LONDON – Fidaxomicin was noninferior to vancomycin in achieving clinical cure of Clostridium difficile infection after 10 days of treatment but was superior to vancomycin in attaining lower recurrence rates and higher sustained response rates at 4 weeks.
The findings come from a multicenter, randomized, controlled, double-blind study conducted in seven European countries, Canada, and the United States. It was funded by Optimer Pharmaceuticals, manufacturer of fidaxomicin, a novel macrocyclic antibiotic with a narrow spectrum of activity against gram-positive bacteria and minimal activity against normal gut flora. It was approved for treatment of C. difficile infection in the United States in May 2011 and in Europe in December 2011. A previous phase III trial in Canada and the United States showed fidaxomicin to be noninferior to vancomycin for clinical cure and superior for sustained response at 4 weeks after treatment completion (N. Engl. J. Med. 2011;364:422-31).
The current study, identical in design and procedures, compared the efficacy of fidaxomicin in Europe as well as in the United States and Canada, said Dr. Oliver A. Cornely of University Hospital, Cologne, Germany. The findings were published online prior to the ECCMID meeting (Lancet Infect. Dis. 2012;12:281-9).
The 509 patients included in the intent to treat analysis were all aged 16 years or older, had more than three unformed bowel movements per 24 hours, had C. diff infection confirmed by toxin A and/or B in stool, and had a first episode or recurrence within 90 days. They were randomized to either twice-daily 200-mg doses of fidaxomicin with twice-daily intervening placebo or the standard 125-mg doses of vancomycin four times daily.

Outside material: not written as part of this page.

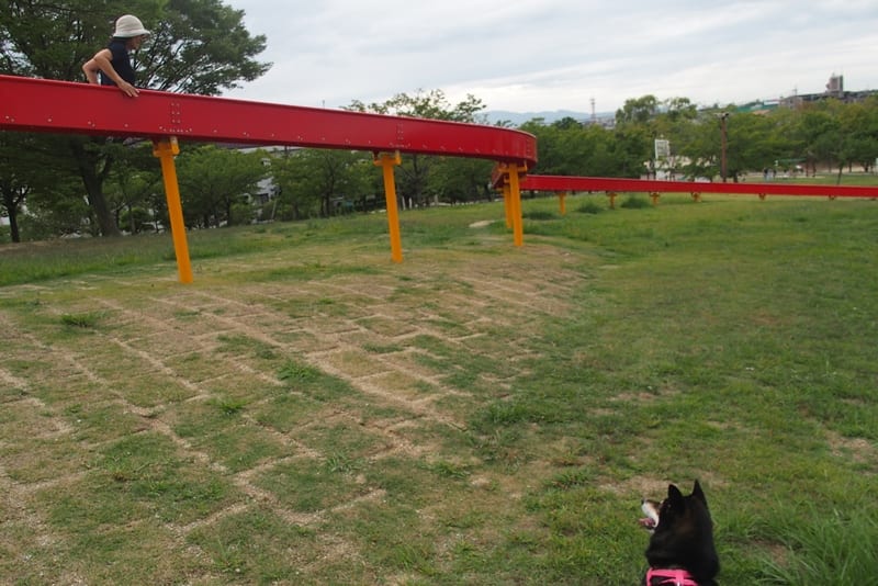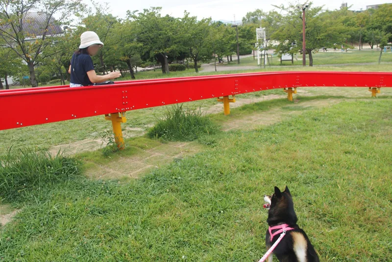あーちゃんも滑り台すべってたら、幼児が珍しがって、「わんわん、わんわん」って言って近づいてきました。

The 198 patients from Europe were slightly older than those from the United States and Canada (66.9 vs. 61.2 years), and fewer were women (54.5% vs. 65%). More of the European group were inpatients at the time of study enrollment (84.3% vs. 57.9%), but fewer in Europe had had a previous episode of C. diff within the prior 90 days (10.1% vs. 18.0%). As expected, the hypervirulent, fluoroquinolone-resistant C. difficile strain NAP1/BI/027 was more common in the U.S./Canada (45.9% vs. 10.4%).
Use of concomitant antibiotics to treat other infections was more common in Europe than in the United States during both treatment and follow-up (34.8% vs. 26.7% for either time period), Dr. Cornely reported.

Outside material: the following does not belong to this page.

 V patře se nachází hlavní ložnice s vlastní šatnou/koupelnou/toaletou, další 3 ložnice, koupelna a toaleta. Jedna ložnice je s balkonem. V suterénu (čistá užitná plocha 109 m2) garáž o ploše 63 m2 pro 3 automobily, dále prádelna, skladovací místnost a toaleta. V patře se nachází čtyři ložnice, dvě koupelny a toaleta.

For the primary study end point ("resolution of diarrhea and no further need for treatment"), fidaxomicin was noninferior to vancomycin, 87.7% vs. 86.8%, well within the prespecified 10% margin. However, fidaxomicin was superior in recurrence, defined as return of diarrhea within 4 weeks of completing therapy plus a positive toxin test (12.7% vs. 26.9%). Fidaxomicin was also superior for sustained response, defined as clinical cure maintained for 4 weeks (76.6% vs. 63.4%). The median time to resolution of diarrhea did not differ between fidaxomicin and vancomycin (56 vs. 58 hours, respectively). (Time to resolution was defined as the number of hours from the first dose of the study drug to the last unformed bowel movement preceding 2 days of three or fewer unformed stools per day.)
Resolution of diarrhea was significantly delayed among patients who received antibiotics to treat other infections at the same time as they were being treated for CDI (median time to resolution 92 hours vs. 54 hours). Among the patients who were receiving concomitant antibiotics, fidaxomicin was superior to vancomycin in clinical cure rate (90.2% of 51 vs. 73.3% of 45), Dr. Cornely reported.
When Europe and the U.S./Canada were analyzed separately, fidaxomicin remained noninferior for clinical cure and superior for recurrence and sustained response. However, recurrence rates overall were slightly higher and sustained response slightly lower in the U.S./Canada, compared with Europe, although the confidence intervals were broad. Early resolution (in less than 72 hours) was more common in Europe (51 vs. 60 hours), but the overall trend was not significantly different for Europe and North America, he said.
There were no significant differences in cure rates between fidaxomicin and vancomycin for other subgroups, including those stratified by age, prior C. diff. infection, inpatient/outpatient, severity, strain, or location.
No fidaxomicin-resistant clones were isolated at baseline or at the end of treatment, although a single isolate recovered at recurrence in Canada has reduced susceptibility, Dr. Cornely noted.
The study was funded by Optimer Pharmaceuticals. Dr. Cornely disclosed that he has received research grants or lecture honoraria or is an adviser to Optimer and multiple other firms, including Actelion, Astellas, Basilea, Bayer, BioCryst, Celgene, F2G, Genzyme, Gilead, Merck, Miltenyi, Pfizer, Quintiles, and ViroPharma.